Location
- Country: Australia

Physical characteristics
- • location: near Corriging Hill
- • elevation: 336 metres (1,102 ft)
- • location: Avon River
- • elevation: 179 metres (587 ft)
- Length: 44 km (27 mi)
- Basin size: 327 km^{2} (126 sq mi)

= Mackie River =

River in Western Australia

The Mackie River is a river in the Wheatbelt region of Western Australia. The river is ephemeral and flows following winter and spring rains. The water discharged is saline.

The river rises east of Corriging Hill and flows in a north westerly direction crossing the York to Quairading road twice before it finally discharges into the Avon River of which it is a tributary between York and Gwambygine.

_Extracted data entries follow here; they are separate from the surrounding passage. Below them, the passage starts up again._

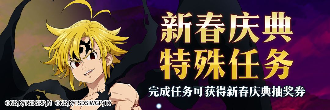 活动介绍:活动期间,完成游戏中各角色布置的新春庆典任务可获得SSR必得券、行动力药水、觉醒石、UR宝物箱、铁砧等各种道具,完成全部任务还可额外获得新春庆典抽奖券×20。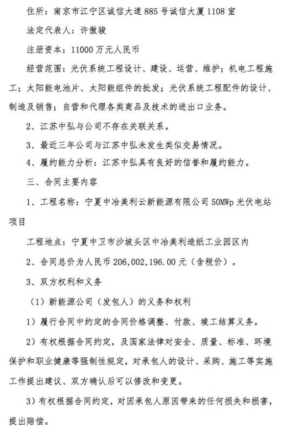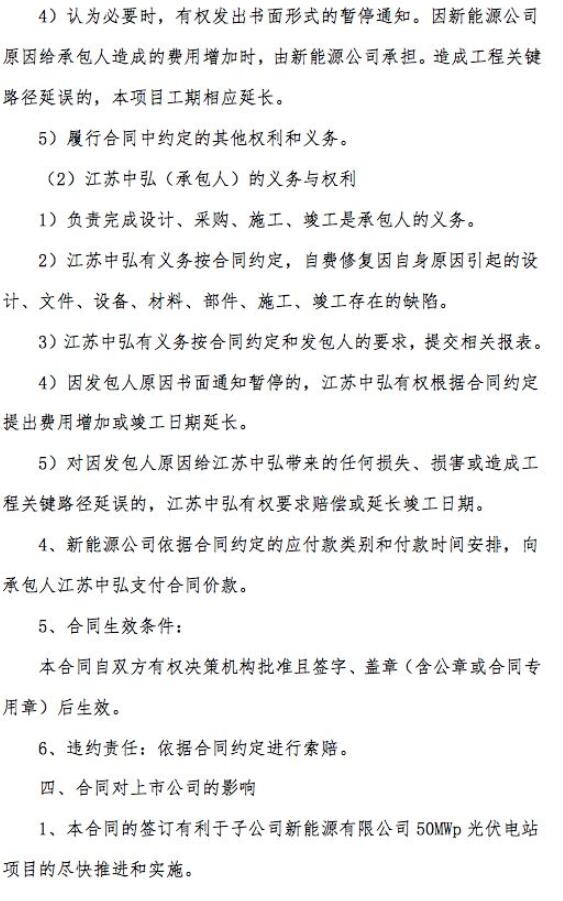 根據(jù)公開招標結(jié)果,江蘇中弘光伏工程技術(shù)有限公司為50MWp光伏電站EPC總包項目中標單位,新能源公司與其簽訂了《50MWp光伏電站EPC總包項目工程總承包合同》,合同總價為人民幣2.06億元(含稅價)。折合單價約為4.12元/瓦。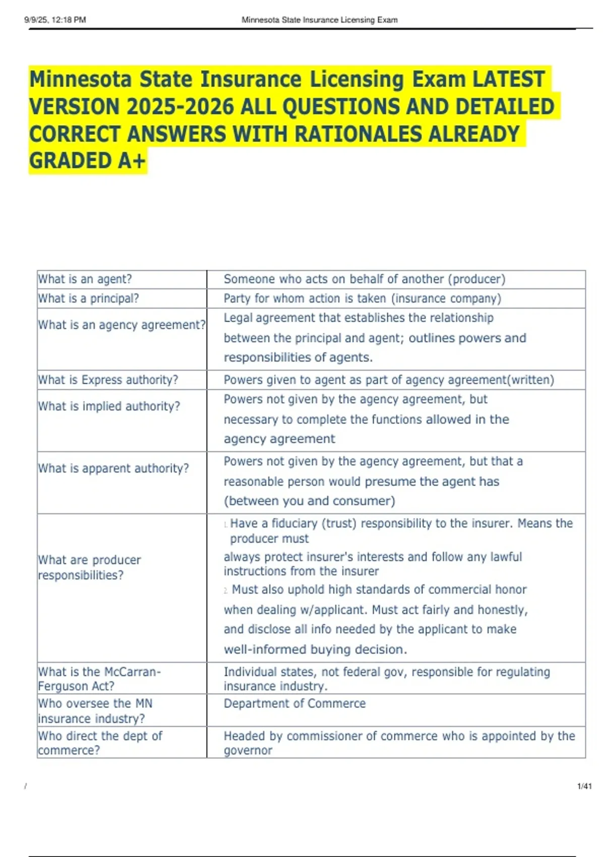 , 9/9/25, 12:18 PM Minnesota State Insurance Licensing Exam

The Mackie has four tributaries of its own: Pitt Brook, Doctors Brook, Mungerding Brook and Bailey Bailey Brook. There were once permanent pools along the course of the river, most notably Marley Pool and Wonnobing Pool, but these are now shallow as a result of sediment deposition.

The area was first explored by Europeans in 1830 when Ensign Dale travelled east from Guildford. York was settled in 1831 and Beverley in 1838, the land around York was sub-divided in 1842 with the land being primarily used for agricultural purposes.

The river was named in 1836 by the Surveyor General John Septimus Roe, who named it after William Henry Mackie who was an early settler in the Swan River Colony.